Eircom, the telecommunication firm that sponsored the Information Age Town contest, articulated two goals: "1. To saturate a town with 21st century communications technology and see how people come to terms with such technology. 2. To encourage the town to trial new technologies and applications" (Ennis Information Age Town, 2005b). Education was one of the sectors included in the attempt to infuse the community with computers, software, network technology, and training so that the entire town could become computer literate and benefit from the new tools available to virtually all town residents.

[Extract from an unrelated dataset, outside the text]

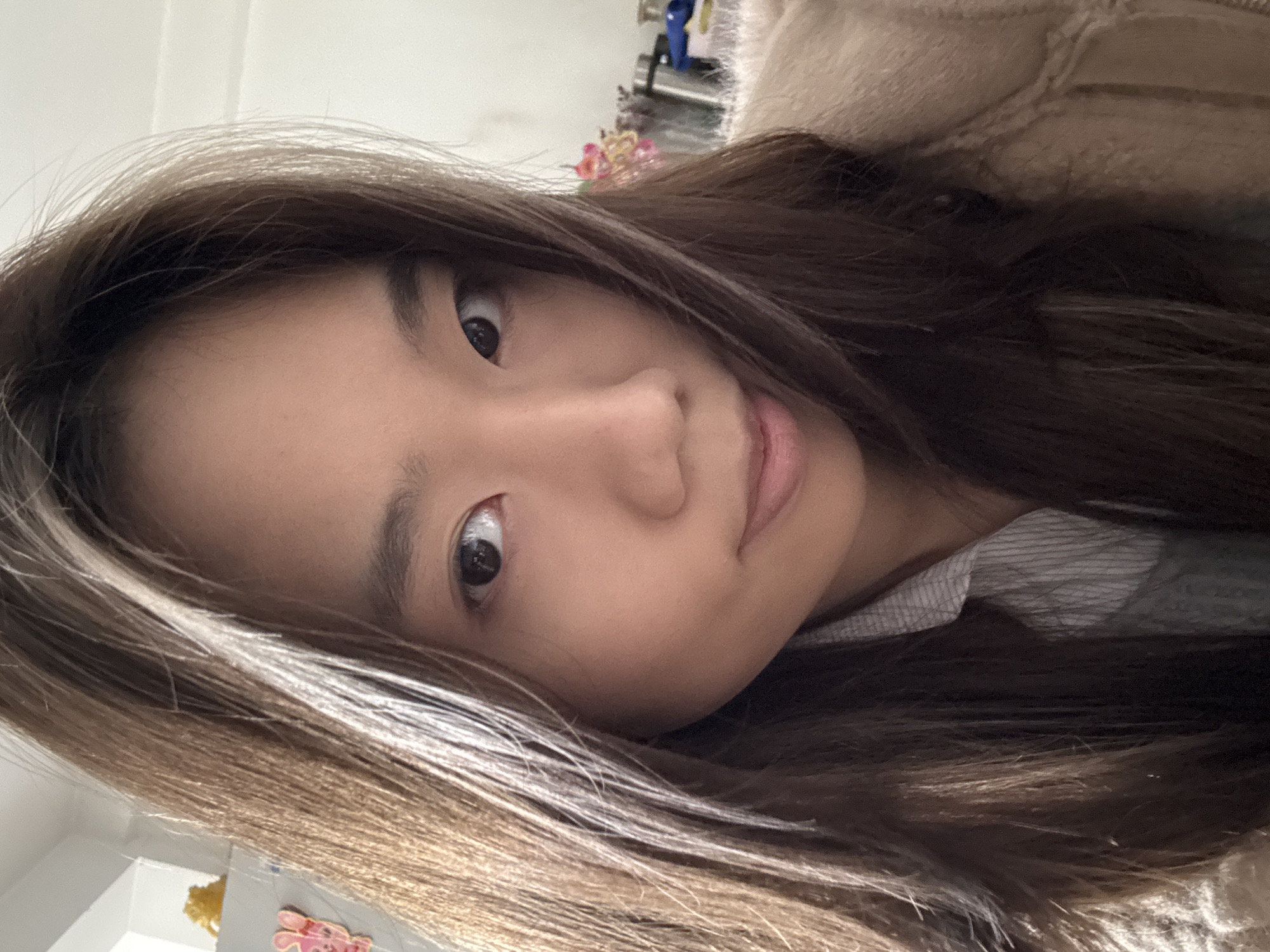 A close-up selfie of a young woman with long, brown hair and fair skin. She is facing the camera with a slight tilt of her head. Her eyes are open and looking at the camera. She is wearing a light-colored, collared shirt and a beige jacket. The background is blurred, but it appears to be an indoor setting. I cannot determine the location is Shapingba District, China from the image.

In 1997 Ennis was a busy county market center with a good school system, but there was little technology awareness and use. Even to supply homes with Internet access, the IAT staff first had to provide phone service to six hundred households (Behaviour & Attitudes Marketing Research, 2001, p. 10). Schools were not quite prepared for the loads of computers, monitors, and peripherals that were delivered to their doorsteps (McInerney, 2003). Space had to be found for the equipment, furniture had to be ordered for computer rooms, teachers needed computer training, and lessons needed to be revised if the technology were to be truly integrated into the curriculum. The price tag for the Information Age Town endeavor (1998-2003) was 19 million with 1.9 million of that amount devoted to education (McQuillan, 2000, p. 27; Ennis Information Age Town, 2005a). For a town in the mid-west of Ireland, this was a huge investment; the enormity of the possibilities was not lost on the town's teachers. The purpose of this article is to report on a study that investigated how educators incorporated new technology into the curriculum in the context of a networked community and to highlight projects where students created their own learning materials.
Networked Communities and Education
Rural and remote communities are often those most disadvantaged in the accessibility of information and communication technologies (Marshall, Taylor, & Yu, 2003). The Ennis schools did not have that problem despite their rural surroundings and isolation from Ireland's major urban centers. Like other educators in networked communities, though, the Ennis educators confronted the challenge of how to best take advantage of the technologies for learning, a challenge more daunting than acquiring hardware and software. A similar situation faced the teachers in the Montgomery School System affiliated with the Blacksburg, Virginia, Electronic Village (BEV) project during the mid-1990s. The BEV educators found that, before using Information and Communication Technologies (ICTs) in the classroom, it was necessary to adopt learner-centered or constructivist models of education (Ehrich & Kavanaugh, 1997).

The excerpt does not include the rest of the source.